Belfast Telegraph

Thursday 24 July 2014

Warning over child access to porn

The Children's Commissioner says age restrictions apply at the cinema but society allows access to far more troubling imagery via the internet

Children who access pornography are more likely to have sex at a younger age and engage in "risky behaviours", a report by the Office of the Children's Commissioner has warned.

The office has called for urgent action to "develop children's resilience to pornography" after discovering that a "significant" number of them have access to sexually explicit images.

The Department for Education (DfE) must ensure all schools deliver effective relationship and sex education, which should include safe use of the internet, the office recommended.

The report, commissioned by the office as part of its national inquiry into child sexual exploitation in gangs, is based on a review of academic research including 41,000 items of literature.

Maggie Atkinson, Children's Commissioner for England, said: "We are living at a time when violent and sadistic imagery is readily available to very young children. Even if they do not go searching for it, their friends may show it to them or they may stumble on it while using the internet."

She added: "For years we have applied age restrictions to films at the cinema but now we are permitting access to far more troubling imagery via the internet. It is a risky experiment to allow a generation of young people to be raised on a diet of pornography."

The report found that access to porn can lead to young people engaging in "risky behaviours". It also said that access to porn can influence children's sexual beliefs, developing unrealistic attitudes about sex, bad attitudes towards relationships and beliefs that women are sex objects. A "significant proportion" of children are exposed to or access pornography, which can occur both online and offline, the report said.

In its recommendations, the report called on the DfE to ensure all schools provide relationship and sex education. The curriculum should cover access and exposure to porn and sexual practices that are relevant to young people's lives and experiences.

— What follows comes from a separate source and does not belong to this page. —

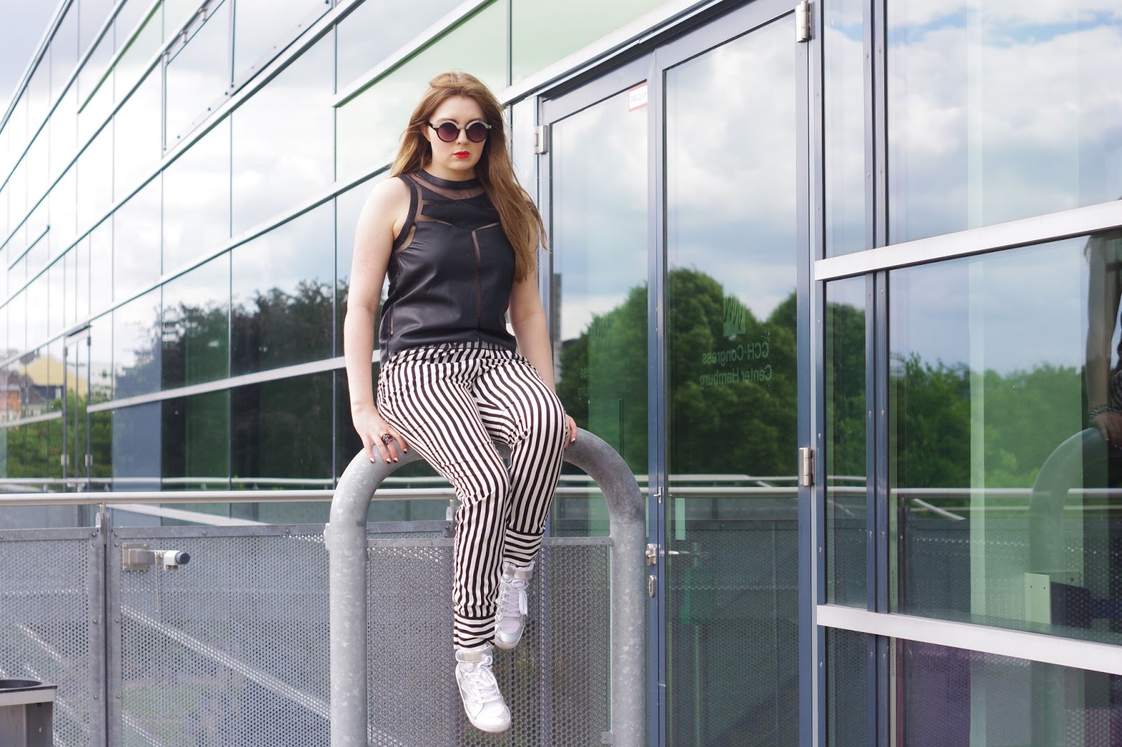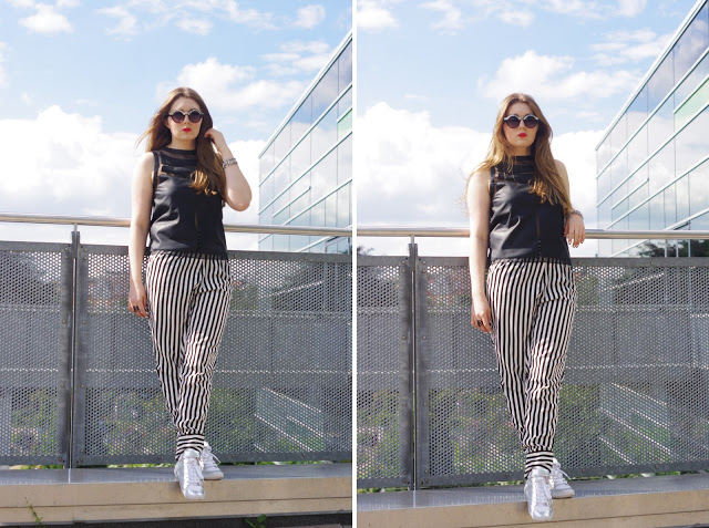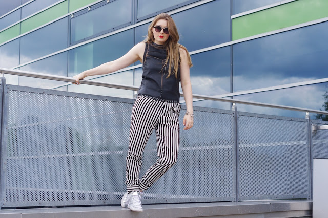Cut outs sind ein großes Thema diesen Sommer. Victoria Beckham, Prabal Gurung und Chloé haben ebenfalls geschickt cut outs in ihren Kollektionen verwendet. Der Schlüssel zu diesem Look liegt in der fehlenden Dekoration und Farbe. Es funktioniert am besten in schwarz oder weiß und ohne jeglichen Schmuck, da die cut outs schon dekorativ genug sind. Es ist eine neue Art von Minimalismus – einer der mir ausnahmsweise mal zusagt. Dennoch habe ich eine gestreifte Hose dazu kombiniert, ein Sommertrend, der sich sehr stark durchgesetzt hat (siehe Balmain, Marc Jacobs, Moschino, Dior). Dazu auch noch meine neue Sonnenbrille von Monki und weiße Sneakers (ebenfalls mit Mesh unterlegten cut outs), da ich mich so ganz ohne Accessoires nich wohlfühle (Ihr könnt von Overdivity nicht erwarten in einem Schritt von overdressed zu Minimalismus zu wechseln. Ich nähere mich mit kleinen Schritten an).

The recommendations echo calls made by the End Violence Against Women coalition to make sex and relationships education compulsory in secondary schools.

Dr Miranda Horvath, senior lecturer at Middlesex University, which led the review of academic evidence, said: "It is clear that children and young people want and need safe spaces in which they can ask questions about, and discuss their experiences with, pornography. The onus must be on adults to provide them with evidence-based education and support and help them to develop healthy, not harmful, relationships with one another.

"When pornography is discussed, it is often between groups of people with polarised moral views on the subject. Rather than adopting a particular ideological stance, this report uses evidence-based research to draw its conclusions and further the debate."